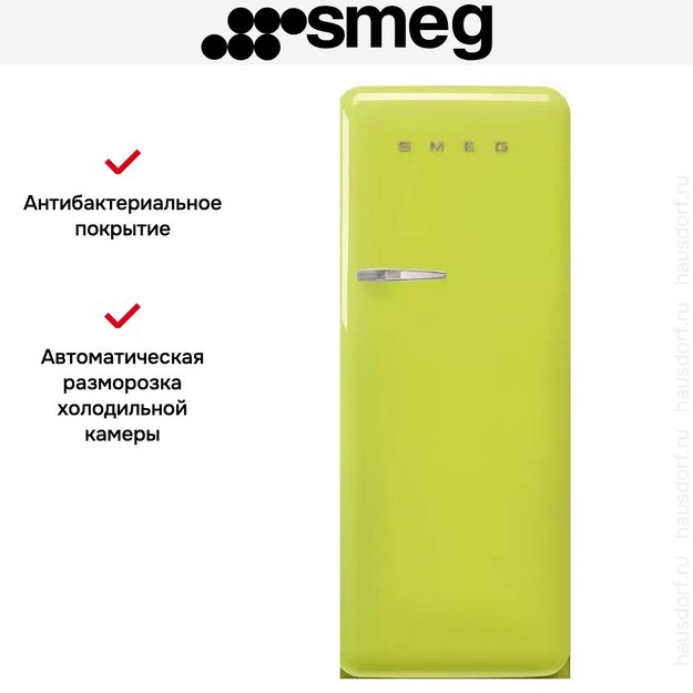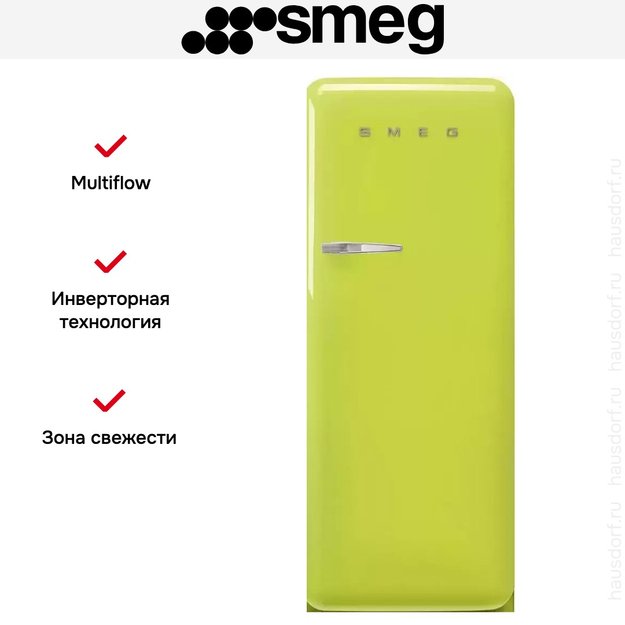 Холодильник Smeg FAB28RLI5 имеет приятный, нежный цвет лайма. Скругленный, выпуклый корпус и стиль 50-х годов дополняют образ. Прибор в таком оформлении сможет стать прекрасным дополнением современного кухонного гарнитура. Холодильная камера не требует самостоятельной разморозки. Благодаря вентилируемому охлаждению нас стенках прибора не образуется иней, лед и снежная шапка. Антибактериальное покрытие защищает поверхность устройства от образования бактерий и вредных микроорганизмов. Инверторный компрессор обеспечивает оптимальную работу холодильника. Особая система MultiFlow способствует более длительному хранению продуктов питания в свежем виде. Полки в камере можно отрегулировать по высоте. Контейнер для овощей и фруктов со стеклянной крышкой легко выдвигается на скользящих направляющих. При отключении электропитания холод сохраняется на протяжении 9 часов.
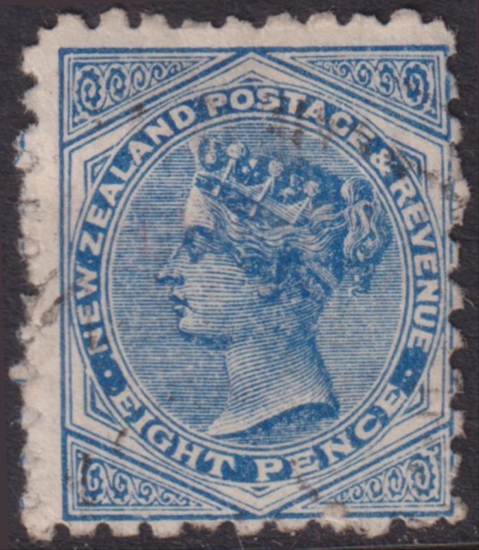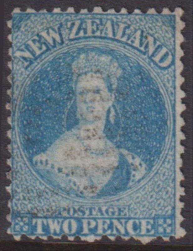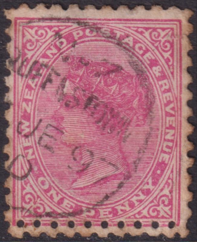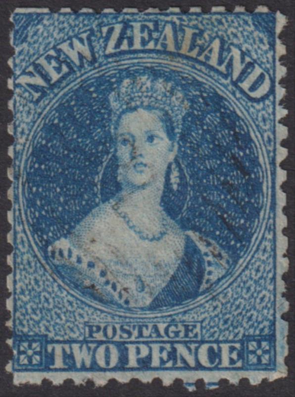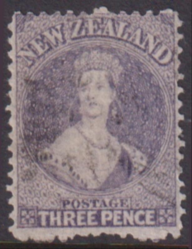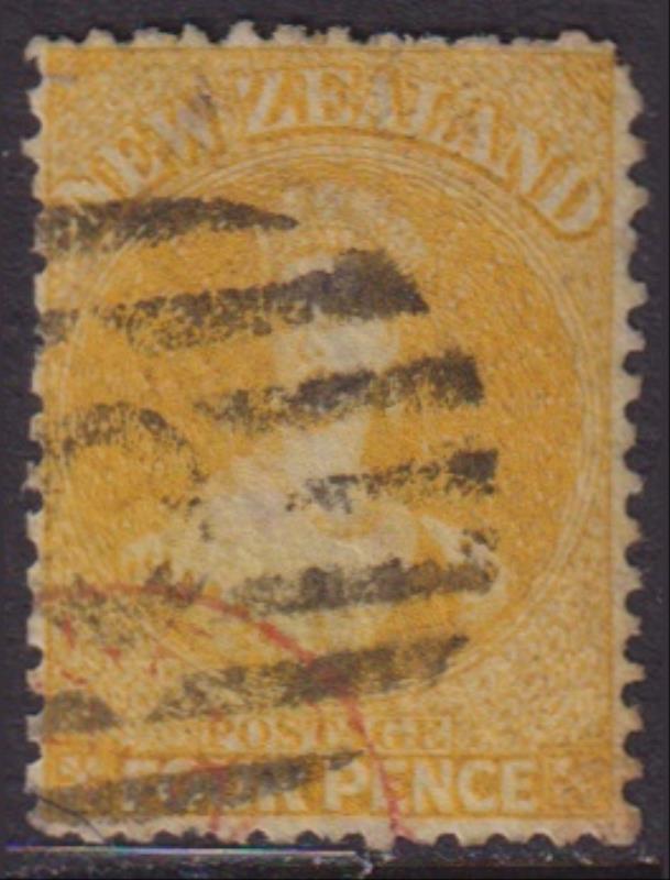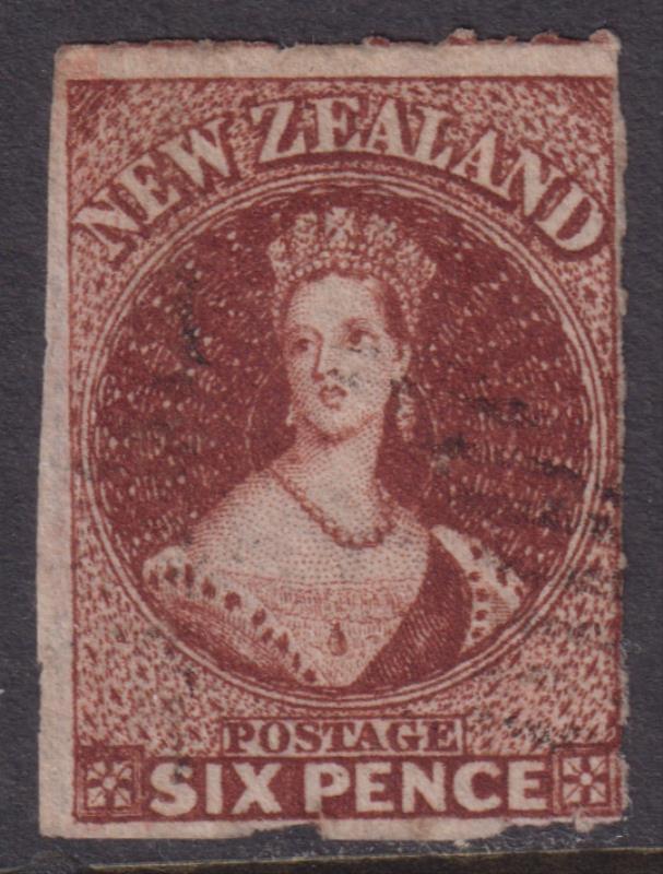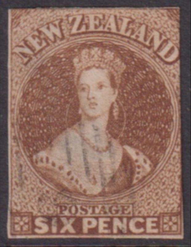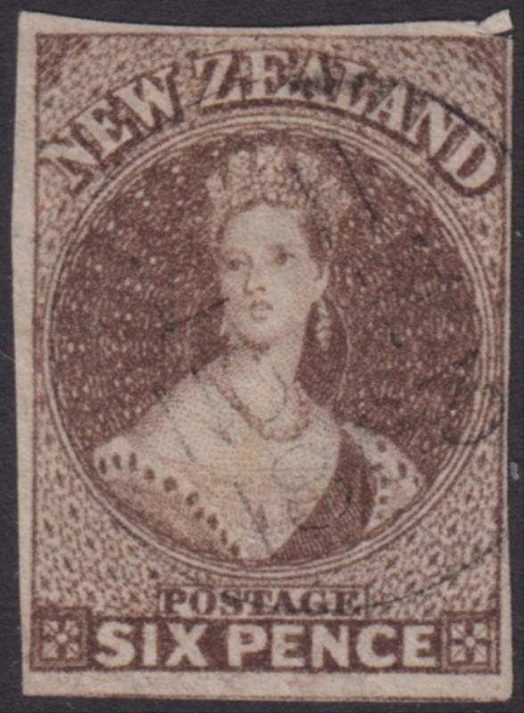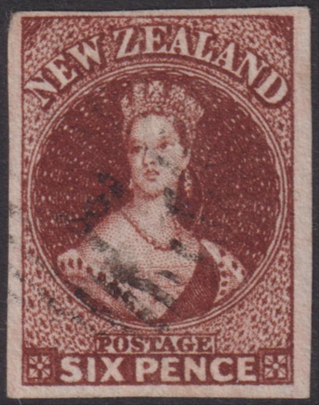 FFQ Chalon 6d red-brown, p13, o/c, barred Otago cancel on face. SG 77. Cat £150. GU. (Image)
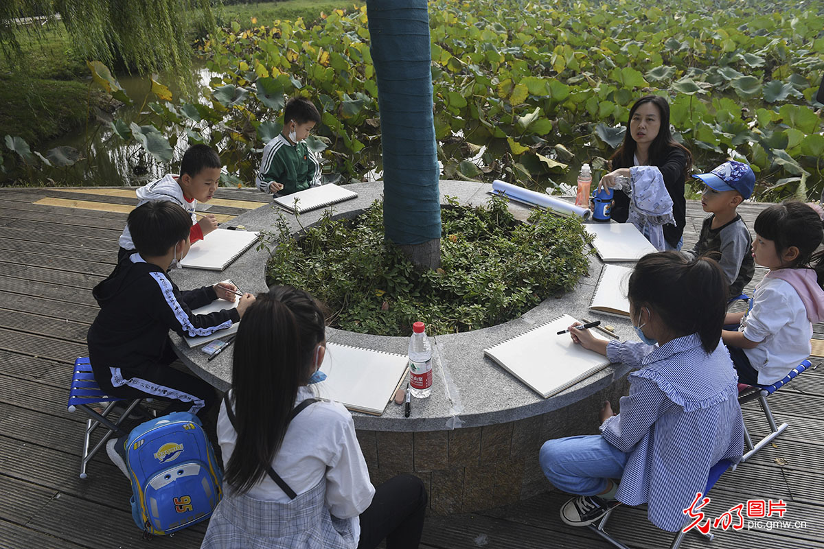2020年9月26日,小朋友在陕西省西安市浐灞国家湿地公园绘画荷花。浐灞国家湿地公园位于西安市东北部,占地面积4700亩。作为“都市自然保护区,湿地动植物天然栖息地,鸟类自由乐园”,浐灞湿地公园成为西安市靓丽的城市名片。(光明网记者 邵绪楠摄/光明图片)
··········
#### Problem:
The line containing "FFQ Chalon 6d" and every line after it, up to the last line of the data, should be returned exactly, without the pictures.

#### Answer box:
 FFQ Chalon 6d red-brown, p13, o/c, barred Otago cancel on face. SG 77. Cat £150. GU. (Image)
2020年9月26日,小朋友在陕西省西安市浐灞国家湿地公园绘画荷花。浐灞国家湿地公园位于西安市东北部,占地面积4700亩。作为“都市自然保护区,湿地动植物天然栖息地,鸟类自由乐园”,浐灞湿地公园成为西安市靓丽的城市名片。(光明网记者 邵绪楠摄/光明图片)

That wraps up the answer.